Owing to growing mass interest in football, many baseball clubs didn't survive into the 1970s. The Spanish public's massive shift in focus was largely triggered by the introduction of multiple TV channels that focused mainly on broadcasting the football matches of La Liga, the professional First Division Spanish League. One of the few survivors was the CB Viladecans, whose field was officially used during the 1992 Summer Olympics.

==Structure==
The Spanish baseball league is divided into divisions. The top teams play in the División de Honor. In each division, a team plays all other teams twice, once at home and once away, and two matches in the same day, during the regular season. There are no playoffs. The top four teams at the end of the season play in the Copa del Rey.
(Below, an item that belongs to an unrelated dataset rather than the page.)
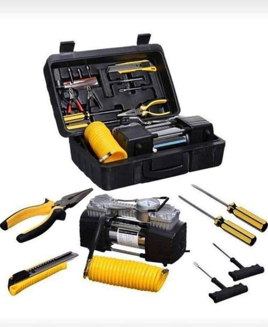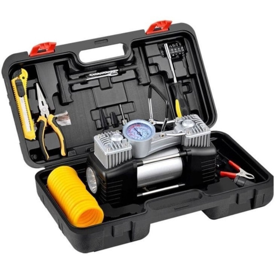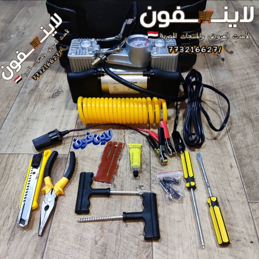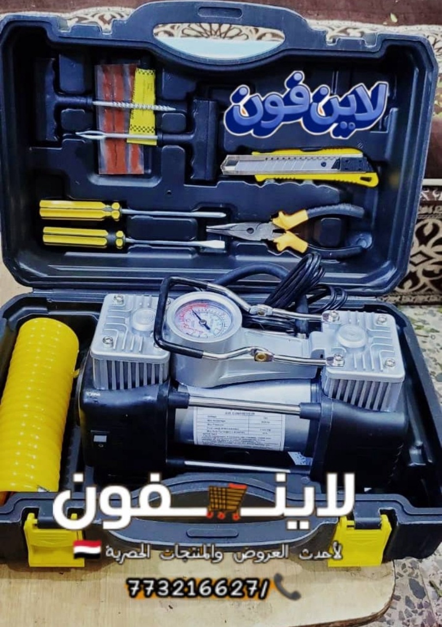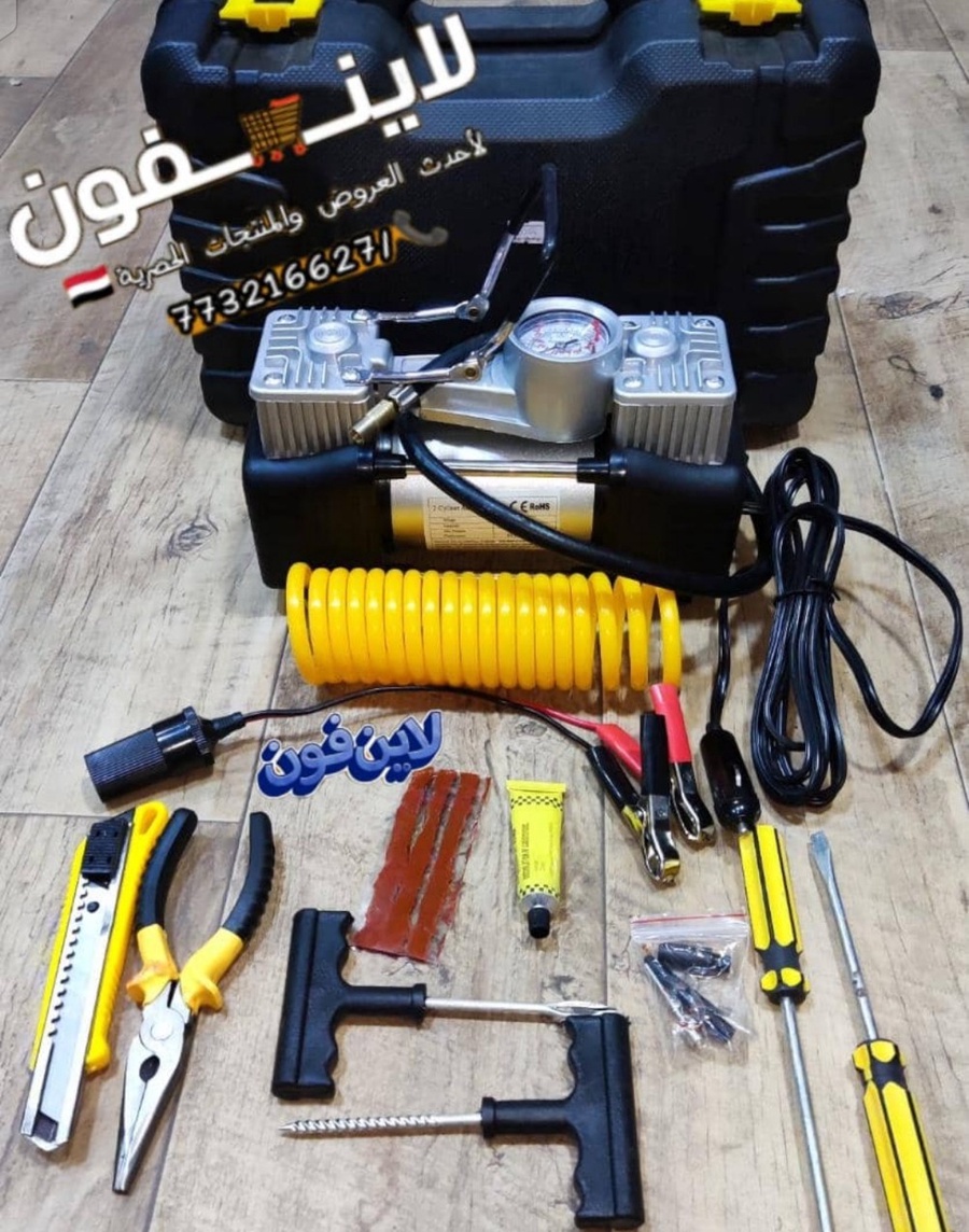 لا تخاف من البنشر! شنطة بنشر مع معبي هواء 2 بستم أبو جمل الأصلي، تعبئة سريعة وإصلاح فوري للطوارئ والسفر. جاهز لأي طريق.

The champion and the cup winner play in the various European Cup.

The Spanish league teams compete in Europe under CEB, most notably in the Baseball Champions League and CEB cup.

The Spanish teams also compete in a domestic cup competition each year, called the Copa del Rey de Beisbol.

===Current hierarchical divisional breakdown===
- División de Honor (one group of eight teams)
- Primera División (six interregional groups)

Since 2015 there are no relegations to the Primera División, as teams from this league are not able to meet the requirements for promotion.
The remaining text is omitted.